In Figure 11, we can see the interactive "force" plots for the dominant classes from the same deployment as Figure 10, where it is shown how the model predicts these classes over time.
Figure 11.
SHAP plots showing samples’ probability of belonging to classes 3 (a), 13 (b) and 6 (c). The x axis is the time in samples; the y axis is the probability of a sample to be classified as a specific class. Blue probabilities are negative influences, and red probabilities are positive influences of a variable.
4. Discussion
In this study, we showed that by using an unsupervised approach we were able to categorize different marine shallow water soundscapes. In addition, we demonstrated that by using an automatic (supervised) approach, based on Explainable machine learning tools, we were able to characterize these categories ecologically. Our method was able to group soundscapes in different categories, which could be used to understand the spatiotemporal acoustic variations of a dataset. The obtained categories were afterwards proved to be connected to environmental parameters through an RF classifier. To understand the predictions made by the trained RF, SHAP values were used: this allowed for the assessment of the main environmental parameters shaping the acoustic categories in general, but also per category, which provided a practical ecological profile for each soundscape category.

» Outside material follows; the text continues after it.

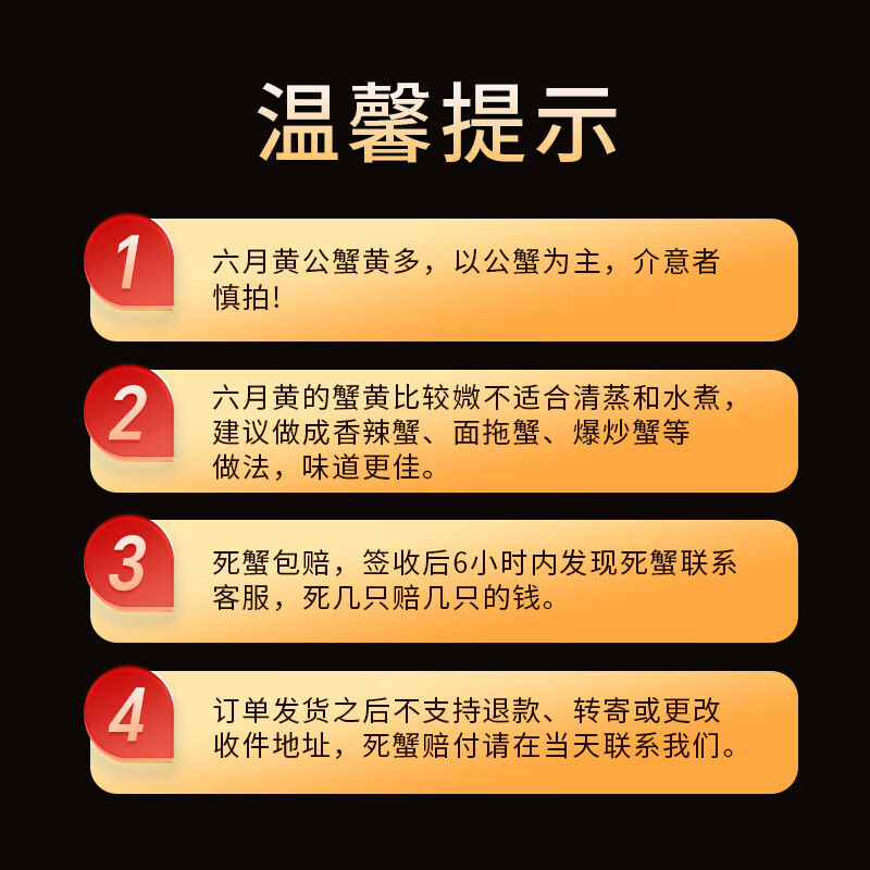- 本商品支持全国快递,极速到货,开启新鲜蟹香体验。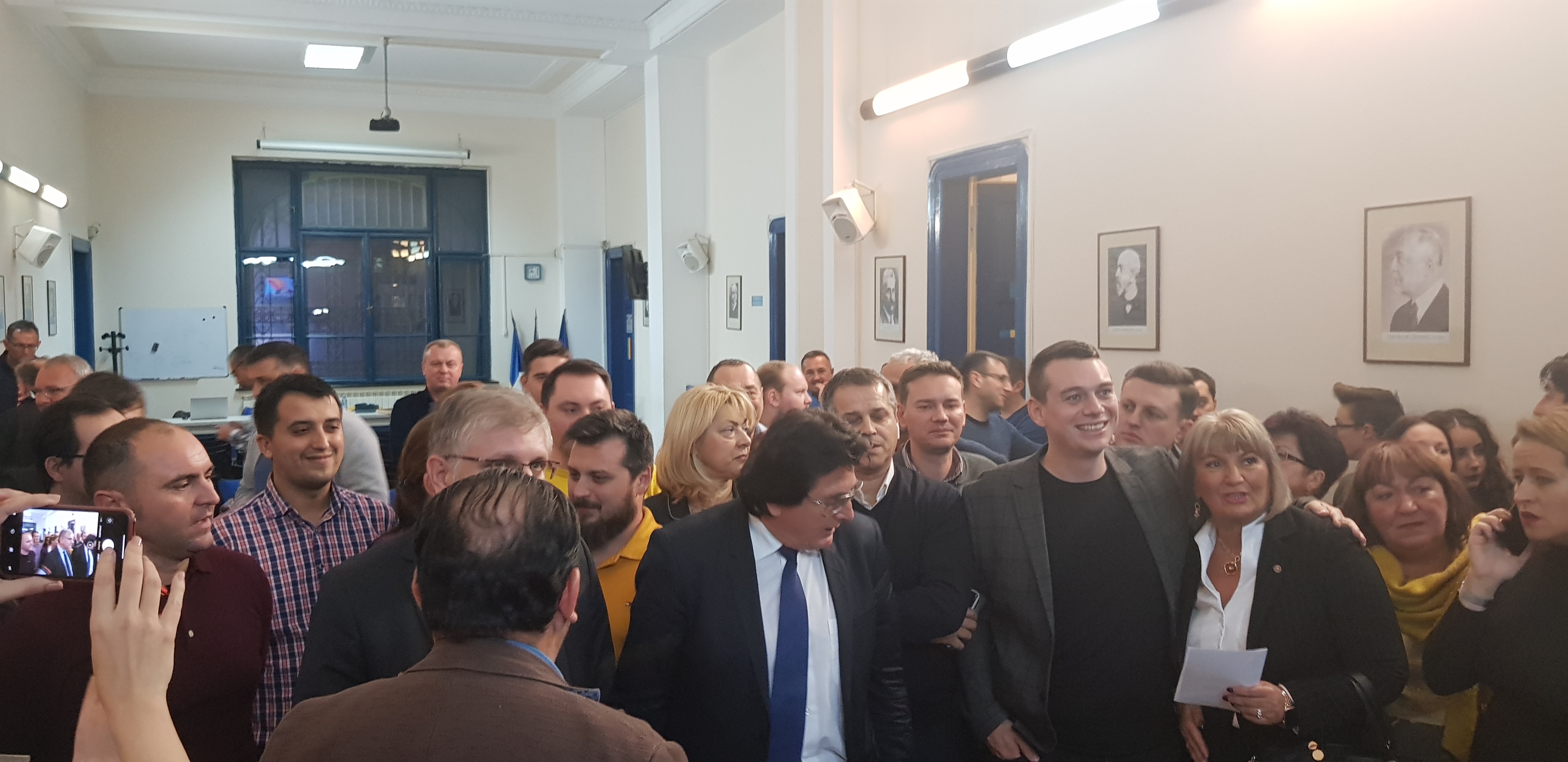 Ora 21.00. Tăcere în momentul în care pe un post apar rezultatele exit-poll, preț de câteva secunde. O membră a partidului începe să plângă, iar lui Cristian Moș i se înroșesc ochii. Toți privesc înmărmuriți cifrele de la televizor. „Nu cred, nu e ăsta rezultatul”, se aude vocea lui Nicu Fălcoi. Imediat, se mută canalul. „E și mai rău aici”, spune unul din cei prezenți în sală. „O să fie o noapte lungă. Hai, băieți, la treabă”, se aude un alt membru USR Timiș.

Our results show that the acoustic data analyzed by UMAP and DBSCAN clustered mostly in clear, independent groups. This indicates that there were major and quantifiable differences in BPNS’ underwater soundscapes, and that one-third octave bands encoded enough information to capture these dissimilarities. This was an advantage, due to the current availability of built-in implementations in some recorders, and the different available tools to compute them. We chose the frequency band of study to capture the sound sources of interest, but increasing the frequency range could lead to new clusters. The chosen frequency band captured enough information to obtain distinct clusters, even though increasing the frequency range might have increased the number of clusters. Furthermore, similar artifact sounds clustered together. This was in line with findings from Sethi et al. (2020), where artifacts could be detected by using an unsupervised clustering technique. Accordingly, the semi-supervised process used in this study could be applied to detecting artifacts in acoustic datasets. This would be especially useful for long-term deployments, where exhaustive manual analysis is too time consuming, and it would be a rapid solution for detecting instrument malfunction events.
The RF classifier was able to correctly classify more than 90% of the BPNS’ acoustic data into the 17 relevant soundscape categories: this high accuracy suggests that the environmental parameters included in the analysis were good indicators of the observed acoustic patterns. The SHAP values showed that in our case study, time of the day, instrument depth, distance to the coast, salinity and moon phase were the most important environmental parameters shaping and differentiating the soundscape categories. These results should be carefully interpreted. The importance of the environmental parameters was not necessarily correlated to their influence on the total sound: rather, it described their relevance to discriminating between categories. For example, if all the categories from the study area had had a considerable and equally distributed sound contribution from shipping, the feature would not have had a great effect in differentiating them: as a consequence, it would have had a low importance score in the model. However, if we had expanded the dataset with acoustic data from other areas in the world with less shipping influence, shipping would have become a very dominant feature in explaining the categories’ differences. In addition, the redundant variables that were removed should not be ignored, but should be considered together with the redundant pair. For example, temperature was removed, because of its redundancy with the season (week_n_sin). Consequently, in all the clusters where season has an influence, we would not be able to distinguish if the real effect was the temperature or the season: we would know, however, that these two correlated parameters had an influence on the soundscape. If distinguishing between two redundant features would be relevant, more data should be collected to that effect, in a way that the two variables are not correlated.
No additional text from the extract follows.